(Beginning of SOURCE MATERIAL)

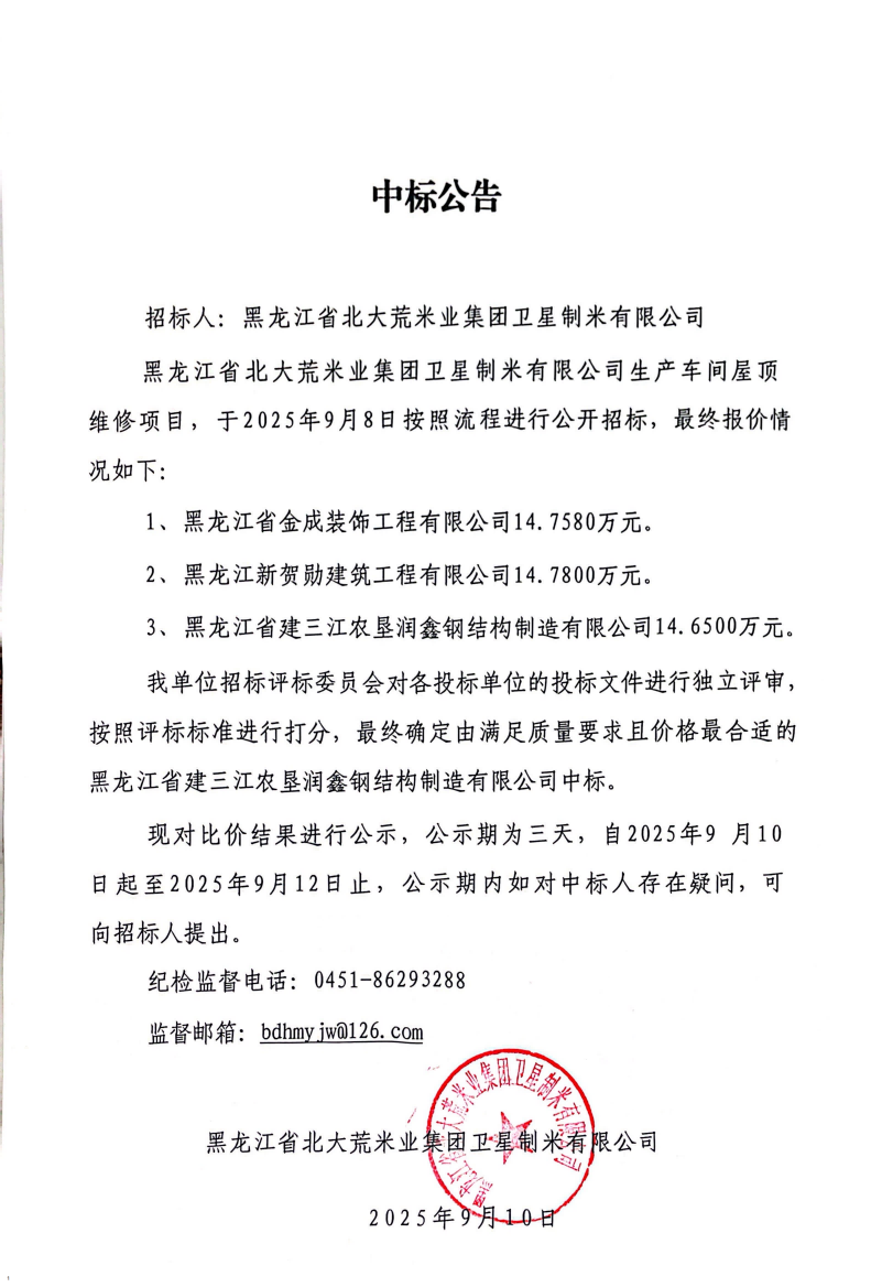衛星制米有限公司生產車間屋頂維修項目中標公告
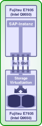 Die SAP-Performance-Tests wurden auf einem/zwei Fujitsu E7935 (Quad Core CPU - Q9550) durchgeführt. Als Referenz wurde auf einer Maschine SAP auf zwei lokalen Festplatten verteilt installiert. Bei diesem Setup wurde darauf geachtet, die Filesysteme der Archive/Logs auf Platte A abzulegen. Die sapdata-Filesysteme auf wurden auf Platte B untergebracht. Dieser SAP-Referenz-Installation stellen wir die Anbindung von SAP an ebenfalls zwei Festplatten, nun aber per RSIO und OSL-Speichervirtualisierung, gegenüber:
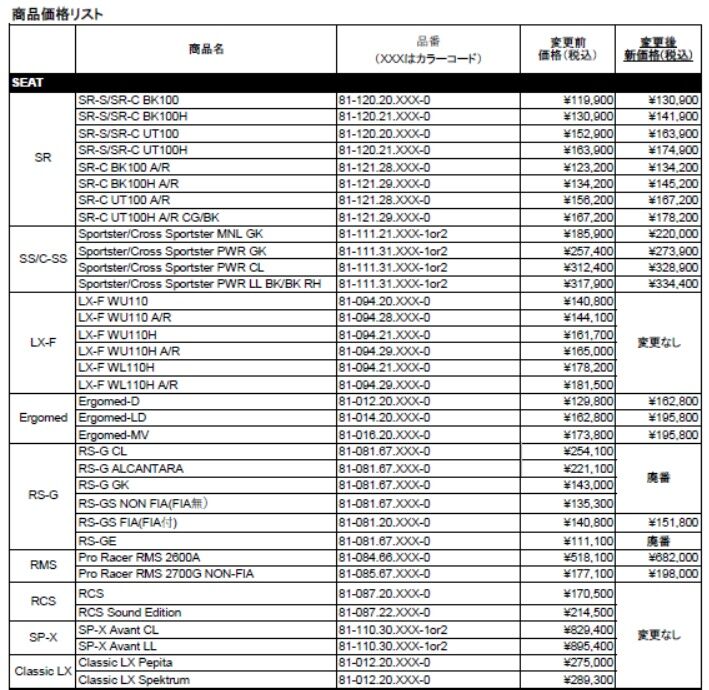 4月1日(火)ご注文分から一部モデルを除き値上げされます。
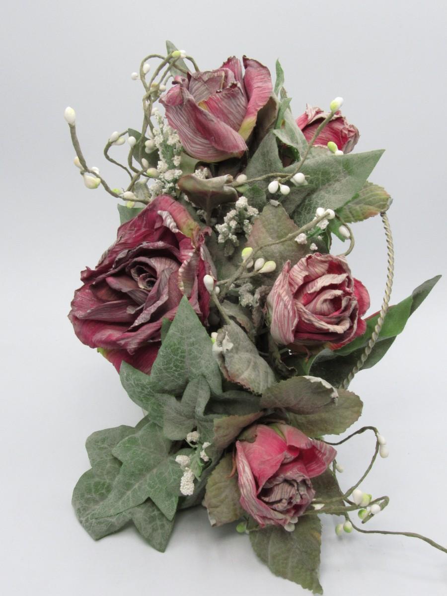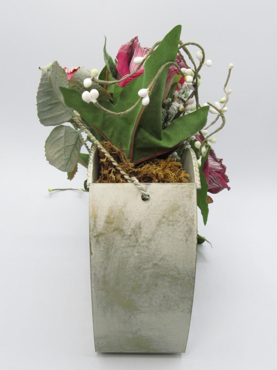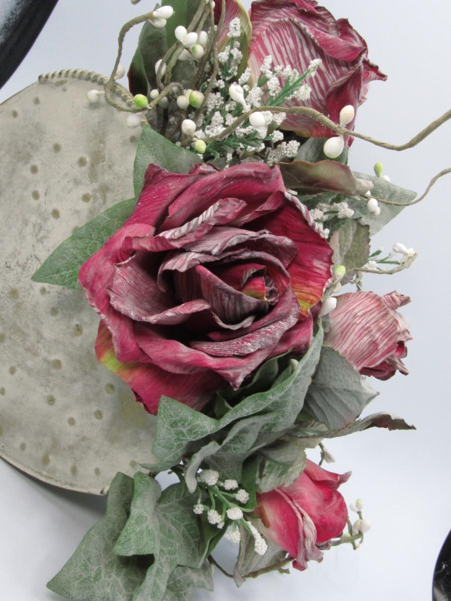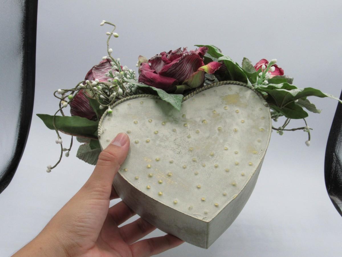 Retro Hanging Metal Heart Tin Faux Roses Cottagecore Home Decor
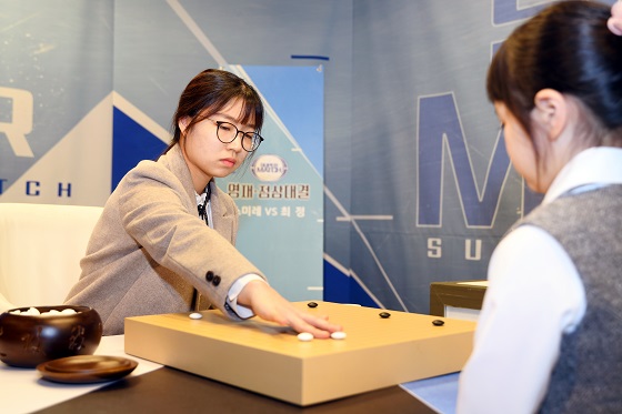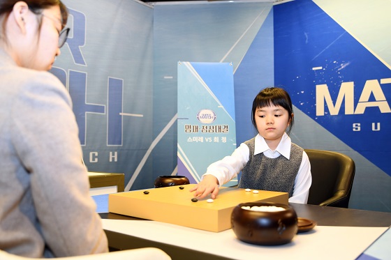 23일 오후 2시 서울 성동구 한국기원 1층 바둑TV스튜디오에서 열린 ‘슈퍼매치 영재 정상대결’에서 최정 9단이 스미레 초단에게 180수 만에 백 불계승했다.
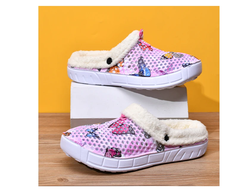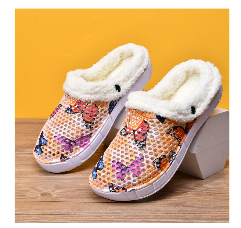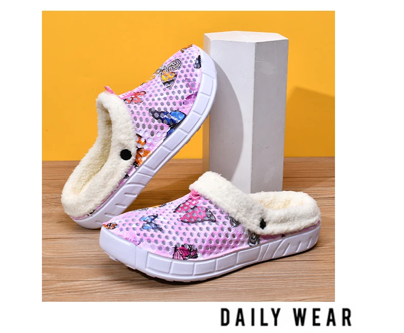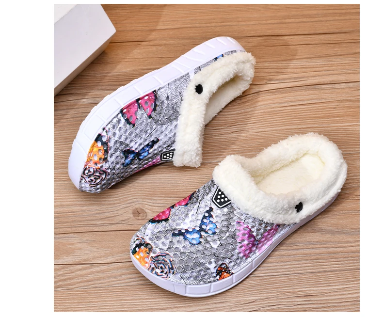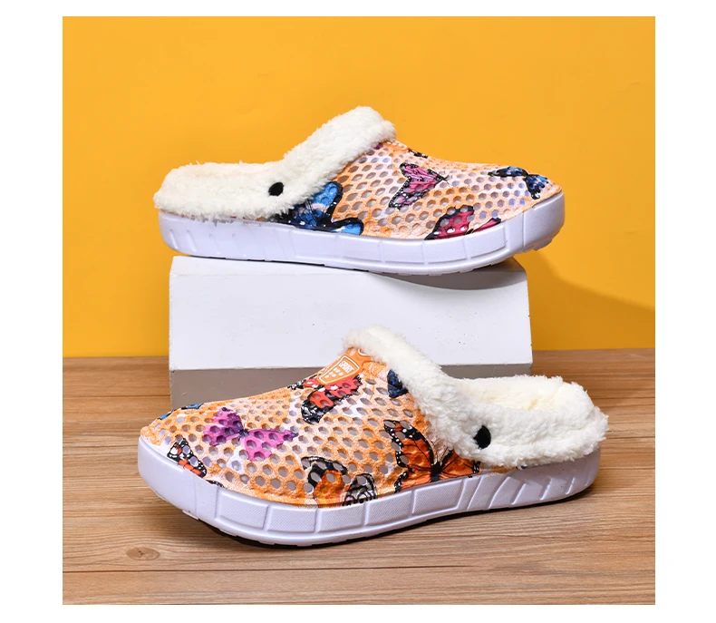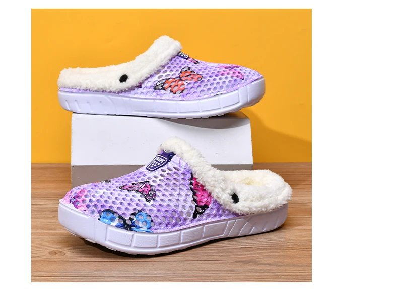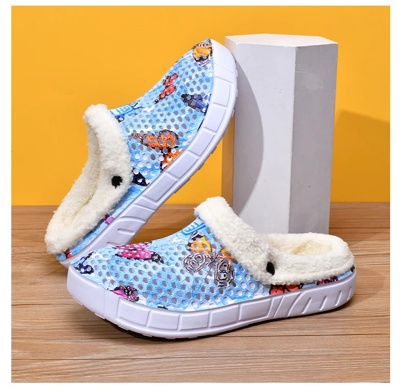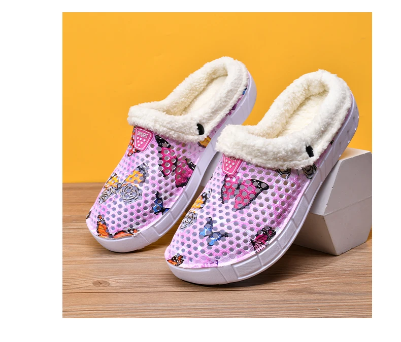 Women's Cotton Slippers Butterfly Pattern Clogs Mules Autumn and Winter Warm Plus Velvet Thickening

(End of SOURCE MATERIAL)
(Beginning of SOURCE MATERIAL)

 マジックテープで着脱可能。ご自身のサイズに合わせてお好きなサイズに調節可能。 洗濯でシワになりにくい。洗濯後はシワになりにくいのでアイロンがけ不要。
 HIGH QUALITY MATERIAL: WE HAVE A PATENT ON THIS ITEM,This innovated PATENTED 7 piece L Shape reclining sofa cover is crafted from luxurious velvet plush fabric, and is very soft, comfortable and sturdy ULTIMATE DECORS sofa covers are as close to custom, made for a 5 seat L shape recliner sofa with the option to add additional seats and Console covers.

(End of SOURCE MATERIAL)
(Beginning of SOURCE MATERIAL)

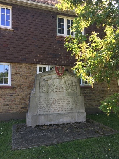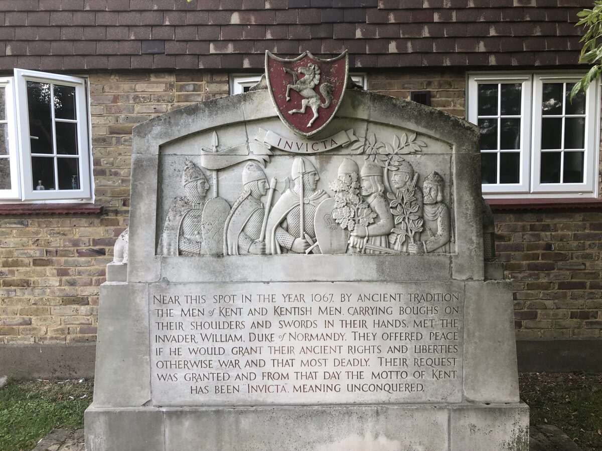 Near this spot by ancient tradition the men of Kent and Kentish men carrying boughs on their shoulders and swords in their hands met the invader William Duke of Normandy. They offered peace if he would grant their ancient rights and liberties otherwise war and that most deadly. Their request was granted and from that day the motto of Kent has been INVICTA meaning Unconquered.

(End of SOURCE MATERIAL)

TASK BRIEF:
In the entries above, which lines run from the one with "衛星制米有限公司生產車間屋頂維修項目中標公告" up to and including the one with "Women's Cotton Slippers"? Write them out exactly, without the pictures.

EXERCISE ANSWER:
衛星制米有限公司生產車間屋頂維修項目中標公告
 Die SAP-Performance-Tests wurden auf einem/zwei Fujitsu E7935 (Quad Core CPU - Q9550) durchgeführt. Als Referenz wurde auf einer Maschine SAP auf zwei lokalen Festplatten verteilt installiert. Bei diesem Setup wurde darauf geachtet, die Filesysteme der Archive/Logs auf Platte A abzulegen. Die sapdata-Filesysteme auf wurden auf Platte B untergebracht. Dieser SAP-Referenz-Installation stellen wir die Anbindung von SAP an ebenfalls zwei Festplatten, nun aber per RSIO und OSL-Speichervirtualisierung, gegenüber:
 4月1日(火)ご注文分から一部モデルを除き値上げされます。
 Retro Hanging Metal Heart Tin Faux Roses Cottagecore Home Decor
 23일 오후 2시 서울 성동구 한국기원 1층 바둑TV스튜디오에서 열린 ‘슈퍼매치 영재 정상대결’에서 최정 9단이 스미레 초단에게 180수 만에 백 불계승했다.
 Women's Cotton Slippers Butterfly Pattern Clogs Mules Autumn and Winter Warm Plus Velvet Thickening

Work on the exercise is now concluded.